Die ksoe beschäftigt sich etwa mit alternativen Wirtschaften, sozialer Gerechtigkeit sowie Partizipation. Zuletzt forderte die Organisation vor allem angesichts der Coronavirus-Krise ein Grundeinkommen. Kritik an ihrem Umbau kommt auch von der Katholischen ArbeitnehmerInnen-Bewegung Österreichs (KABÖ). Die Katholische Kirche entledige sich ihres sozialethischen Thinktanks - „und dies gerade in Zeiten schwerwiegender sozialer Problemlagen“, kritisierte KABÖ-Bundesvorsitzende, Anna Wall-Strasser​​​​​​​​, auf Facebook.

Sendungshinweis

  • „Religion aktuell“, 03.7.2020, 18.55 Uhr, Ö1
  • „Praxis“, 08.7.2020, 16.05 Uhr, Ö1

„Worin die ‚Neuausrichtung‘ bestehen soll ist unklar – offensichtlich soll der sozialen Botschaft, wie sie aktuell auch Papst Franziskus vertritt, die Spitze genommen werden“, so der Vorwurf der KABÖ. Es sei „ein fatales Signal, das die Bischofskonferenz hier setzt“, so Wall-Strasser​​​​​​​​. Zu befürchten sei, dass viele engagierte Katholikinnen und Katholiken der Kirche den Rücken kehren werden.

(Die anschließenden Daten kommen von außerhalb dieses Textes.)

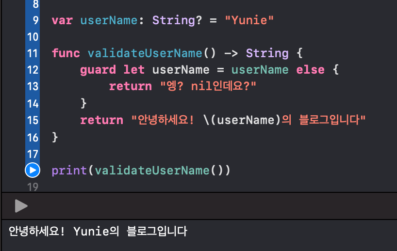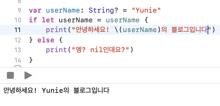 1. 저는 if let 구문의 userName과 헷갈리지않게 optionalUserName이라는 이름으로 Optional String Type에 "Yunie"라는 값을 넣어줬습니다
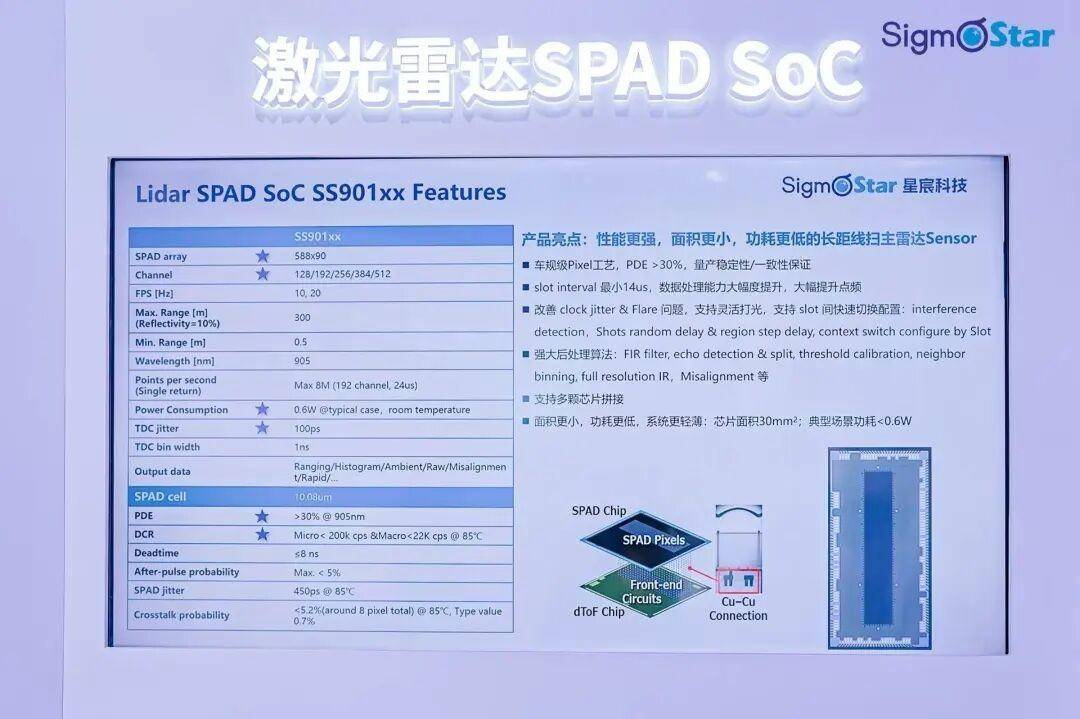 SS901xx是星宸科技首款车规级激光雷达SPAD SoC,面向长距线扫主雷达应用,具备性能更强、面积更小、功耗更低的优势。

Sorge für Bischöfe unbegründet

Die Chefredakteurin der Wochenzeitung Furche, Doris Helmberger-Fleckl, schrieb über die Neuaufstellung auf Facebook: „So etwas hat oft nicht gut geendet. Man darf hoffen, dass die Katholische Kirche durch diesen überraschenden Schritt der Bischöfe nicht um ihren zentralen sozialpolitischen Thinktank gebracht wird.“

Eine Gefahr, die der Mediensprecher der Bischofskonferenz, Paul Wuthe, nicht sieht. Es gehe um eine grundlegende Neudefinition und eine zeitgemäße Neuaufstellung, aber die ksoe solle als „Kompetenzzentrum für die katholische Soziallehre“ erhalten bleiben, sagte er im Gespräch mit religion.ORF.at. Es gebe zudem eine Reihe von katholischen Sozialeinrichtungen, die die Soziallehre vermitteln und praktisch umsetzen, etwa die Caritas und die Katholische Aktion.

ksoe um Sanierung gebeten

Handeln sei nun jedenfalls bei der ksoe gefragt. „Wir haben hier ein Problem. Es gibt einen Sanierungsbedarf“, sagte Wuthe. Die Lage sei so ernst, dass die Gremien der ksoe selbst „mit der Bitte um Sanierung“ an die Bischofskonferenz herangetreten seien. Dass der Grund für die Neuaufstellung der Einrichtung für Erwachsenenbildung finanzielle Probleme seien, die sich durch die Coronavirus-Krise noch verschärft hätten, hatte auch Bischof Freistetter am Donnerstag gegenüber der Nachrichtenagentur Kathpress erklärt.

Dass es finanzielle Schwierigkeiten gibt, bestätigt auch das Kuratorium der ksoe. Die allgemeine wirtschaftliche Entwicklung wirke sich auch negativ auf die Bildungseinrichtung aus. Das Kuratorium, das die ksoe-Direktion berät, erklärte zudem „ausdrücklich“ am Umbau der Bildungseinrichtung mitarbeiten zu wollen. Die ksoe solle „erhalten bleiben, jedoch weiterentwickelt und neu definiert werden“.

Kritik in DNA

In der Aussendung wurde auch auf Grundsätze hingewiesen und damit auch klar skizziert, was sich in der ksoe nicht verändern dürfe: „In die DNA der Soziallehre ist eingeschrieben, kritisch zu hinterfragen, ob die Gesellschaft in der wir leben, die bestmögliche ist. Die Neuausrichtung in diesem Sinne soll auch weiterhin tausende von Menschen dazu anhalten, kritik- und dialogfähig zu sein, die Realität differenziert zu betrachten, Pluralität als Chance zu erkennen und Position zu beziehen.“

Bischofskonferenz größter Sponsor

Grundlage für den Umbau der seit 61 Jahren bestehenden kirchlichen Fachstelle ist ein Beschluss der Österreichischen Bischofskonferenz, der bei der vergangenen Vollversammlung vor zwei Wochen gefasst wurde. Die Bischofskonferenz ist der größte Sponsor der Katholischen Sozialakademie. Die Coronavirus-Krise wirkt sich auch auf die finanzielle Situation der Kirche aus.